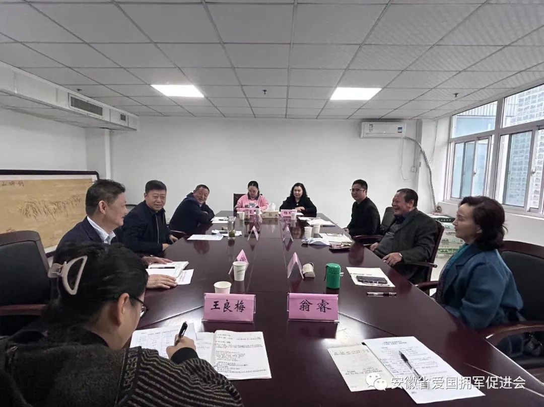 近日,安徽省社会组织总会监事会副监事长李永胜、评估中心主任夏惠芬、监事办副主任沈运斌一行前往安徽省爱国拥军促进会走访调研,省爱国拥军促进会会长蔡元和、秘书长洪斌等热烈欢迎调研组一行,双方就近期工作开展情况进行交流座谈。
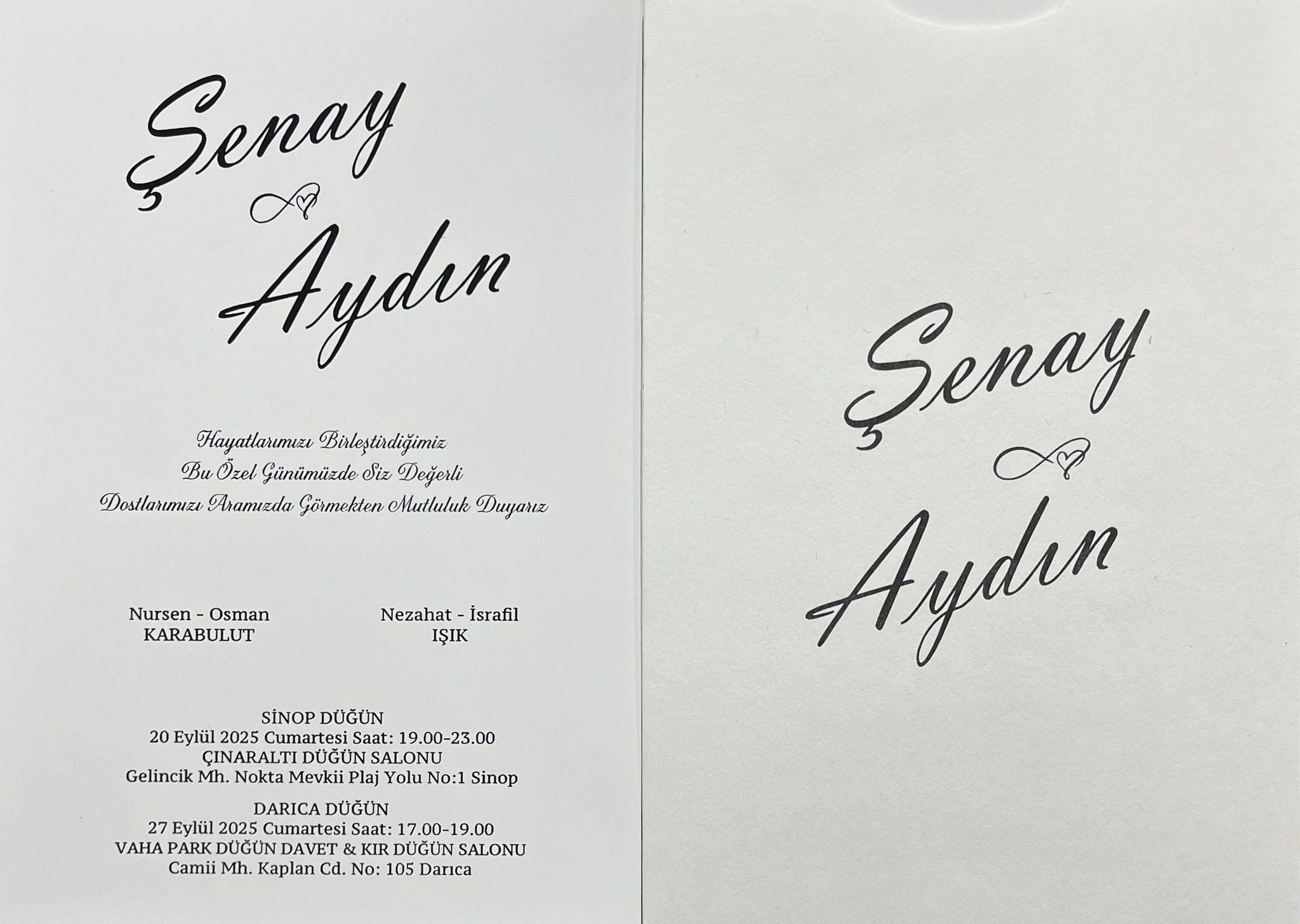 Çiftin Darıca’daki düğünleri Camii Mahallesi, Kaplan Caddesi No: 105 adresindeki Vaha Park Düğün Davet / Kır Düğün Salonu’nda 17.00 – 19.00 saatleri arasında gerçekleşecek.
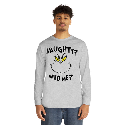 Naughty Who Me? Grinch Christmas Long Sleeve T-Shirt
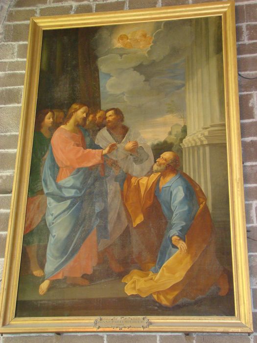 Tableau réalisé par Madame Th. L. Mougey, d'après une toile de Guido Reni. Cette copie de la Remise des clefs à saint Pierre est une commande de la Direction des Beaux-Arts en 1860, attribuée à l'église du Croisic.
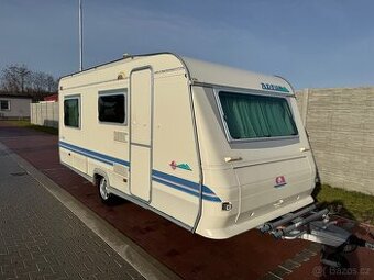 KARAVAN JE PRODÁN! Prodám karavan Adria Unica 462 r.v 2002 s kompletně uzaviratelným stanem a nosičem jízdních kol. Max Váha 1300 kg . Rychlost 100 km/h. Výbava: bojler, plynové topení s rozfukem, trojkombinovaná lednice, zatemňovací rolety a sítě proti hmyzu ve všech oknech i vchodových dveřích, velké střešní Heki okno, velké sezení rozložitelné pro přespání 2 osob, pevná postel s výklopným roštem, kazetové wc s el.splachováním, sprcha, dřez, velká šatní skříň, spousta úložných prostorů, stabilizátor, el. přívodní kabel. Karavan je nezateklý, neohnilý, nehavarovaný, čerstvě po STK. Stačí pouze zaregistrovat. S karavanem je možné ihned odjet. V zimě garážovaný . Vše plně funkční,odzkoušeno-předvedu. Karavan byl zakoupen a zkontrolován námi v Holandsku od soukromé osoby, která byla po celou dobu jediným vlastníkem- mohu doložit. Znamená to tedy, že karavan nebyl dovozen od žádného překupníka ani z bazaru. Karavan je v nevídaně zachovalém stavu!
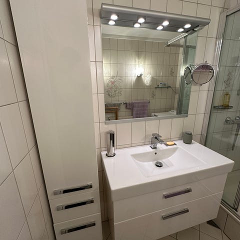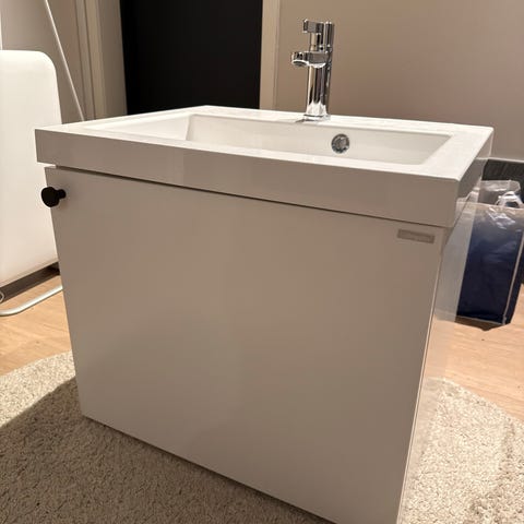 Selger et helt nytt servantbatteri i hvitt .
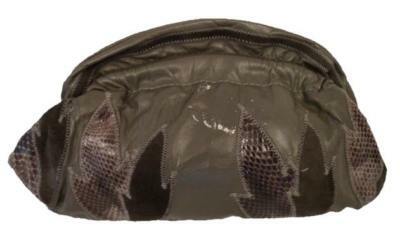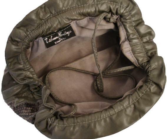 Seven Handbags by Dimitri is the label in this sassy vintage gray reptile appliqued suede convertible clutch. It is buttery soft and measures 8? high x 12 oe? wide with one-3/8? x 40? gray leather strap. It has a gray leather-covered spring frame closure and a light gray ultra suede lining. As pictured, there is one small area where the gray has worn off revealing silver underneath, but it is otherwise in excellent condition. The detailing is unique and radiates quality.
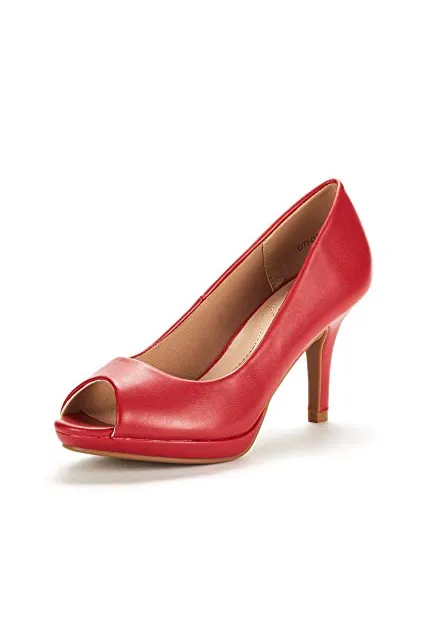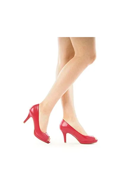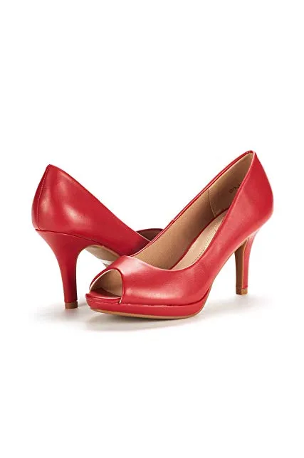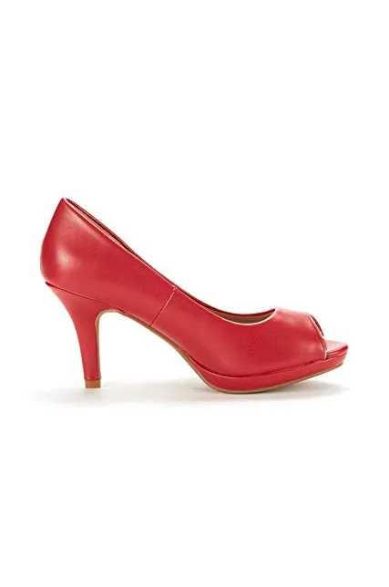 - Slip-on, Round-toe silhouette with peep-toe construction.
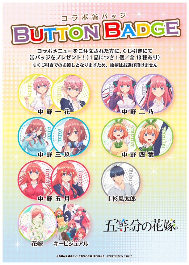 TV 애니메이션 '오등분의 신부' 콜라보레이션 카페 행사 메뉴에 대해

=======

WHAT THE EXERCISE ASKS: Every line from the one containing "Seven Handbags by" to the final line of the records should be duplicated exactly; no picture is to be copied.

EXPECTED ANSWER:
 Seven Handbags by Dimitri is the label in this sassy vintage gray reptile appliqued suede convertible clutch. It is buttery soft and measures 8? high x 12 oe? wide with one-3/8? x 40? gray leather strap. It has a gray leather-covered spring frame closure and a light gray ultra suede lining. As pictured, there is one small area where the gray has worn off revealing silver underneath, but it is otherwise in excellent condition. The detailing is unique and radiates quality.
 - Slip-on, Round-toe silhouette with peep-toe construction.
 TV 애니메이션 '오등분의 신부' 콜라보레이션 카페 행사 메뉴에 대해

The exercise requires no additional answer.